From: Limin Wang <lance.lmwang@gmail.com>

Threading is to avoid a core cpu being occupied fully with other filters like scale,
regarding performance, if your cpu frequency is very high, the gain is very small, but
with more cores and fewer cpu MHz cpus, you will get more improvements.

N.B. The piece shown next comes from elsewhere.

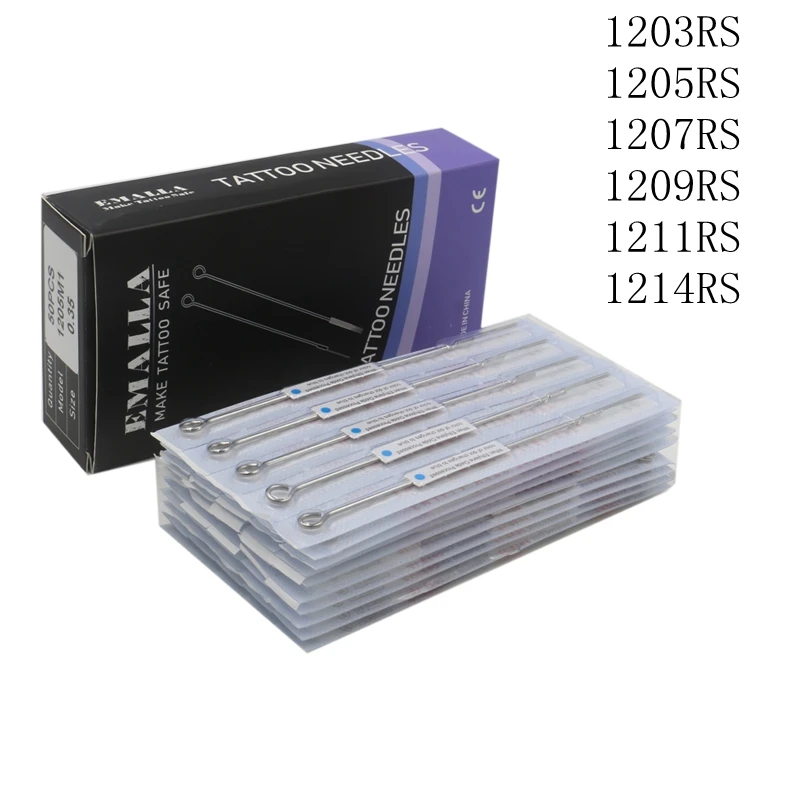 Best Price Comparison With EMALLA 50Pcs 0.35MM Disposable Sterilized round shader Tattoo Needle Medical For Tattoo Machine Gun Liner Shader 35791114RS

The following is my testing results of performance on two different system:
1, testing result with my old mac pro
./ffmpeg -y -i ./4k_4096_3072.mov -c:v v210 -f rawvideo -frames 10 ./1.v210

./ffmpeg -threads 1 -s 4096x3072 -stream_loop 100 -i ./1.v210 -benchmark -f null -
frame= 1010 fps= 42 q=-0.0 Lsize=N/A time=00:00:40.40 bitrate=N/A speed=1.69x

patch applied:
./ffmpeg -threads 4 -thread_type frame+slice  -s 4096x3072 -stream_loop 100 -i ./1.v210 -benchmark -f null -
frame= 1010 fps= 55 q=-0.0 Lsize=N/A time=00:00:40.40 bitrate=N/A speed=2.22x

2, testing result with x86 server (Intel(R) Xeon(R) CPU E5-2650 v2 @ 2.60GHz):
./ffmpeg  -y -i ./4k_3840_2160.ts -c:v v210 -f rawvideo -frames 50 ./2.v210

./ffmpeg -threads 1 -s 3840x2160  -stream_loop 20 -i ./2.v210 -benchmark -f null -
frame= 1050 fps= 80 q=-0.0 Lsize=N/A time=00:00:42.00 bitrate=N/A speed=3.19x

patch applied:
./ffmpeg -threads 2 -thread_type frame+slice  -s 3840x2160  -stream_loop 20 -i ./2.v210 -benchmark -f null -
frame= 1050 fps=111 q=-0.0 Lsize=N/A time=00:00:42.00 bitrate=N/A speed=4.45x

./ffmpeg -threads 4 -thread_type frame+slice  -s 3840x2160  -stream_loop 20 -i ./2.v210 -benchmark -f null -
frame= 1050 fps=145 q=-0.0 Lsize=N/A time=00:00:42.00 bitrate=N/A speed=5.81x

Signed-off-by: Limin Wang <lance.lmwang@gmail.com>
---
 libavcodec/v210dec.c | 135 ++++++++++++++++++++++++++++---------------
 libavcodec/v210dec.h |   1 +
 2 files changed, 88 insertions(+), 48 deletions(-)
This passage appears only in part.